Entries supplied:
▬▬▬▬▬▬▬▬▬▬

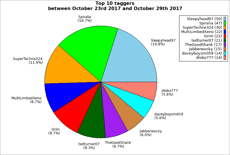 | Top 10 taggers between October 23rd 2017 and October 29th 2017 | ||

▬▬▬▬▬▬▬▬▬▬

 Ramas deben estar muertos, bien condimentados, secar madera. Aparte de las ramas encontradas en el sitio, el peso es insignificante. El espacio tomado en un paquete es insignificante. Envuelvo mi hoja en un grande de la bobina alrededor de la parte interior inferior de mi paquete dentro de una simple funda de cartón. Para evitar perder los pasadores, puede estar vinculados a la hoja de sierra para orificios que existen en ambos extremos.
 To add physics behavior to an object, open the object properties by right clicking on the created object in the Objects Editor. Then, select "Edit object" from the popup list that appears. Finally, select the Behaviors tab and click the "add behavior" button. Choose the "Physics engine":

▬▬▬▬▬▬▬▬▬▬

Assigned task: Repeat, exactly as they stand above, the lines from the line with "Ramas deben estar" to the line with "To add physics", both lines included.

Task response:
 Ramas deben estar muertos, bien condimentados, secar madera. Aparte de las ramas encontradas en el sitio, el peso es insignificante. El espacio tomado en un paquete es insignificante. Envuelvo mi hoja en un grande de la bobina alrededor de la parte interior inferior de mi paquete dentro de una simple funda de cartón. Para evitar perder los pasadores, puede estar vinculados a la hoja de sierra para orificios que existen en ambos extremos.
 To add physics behavior to an object, open the object properties by right clicking on the created object in the Objects Editor. Then, select "Edit object" from the popup list that appears. Finally, select the Behaviors tab and click the "add behavior" button. Choose the "Physics engine":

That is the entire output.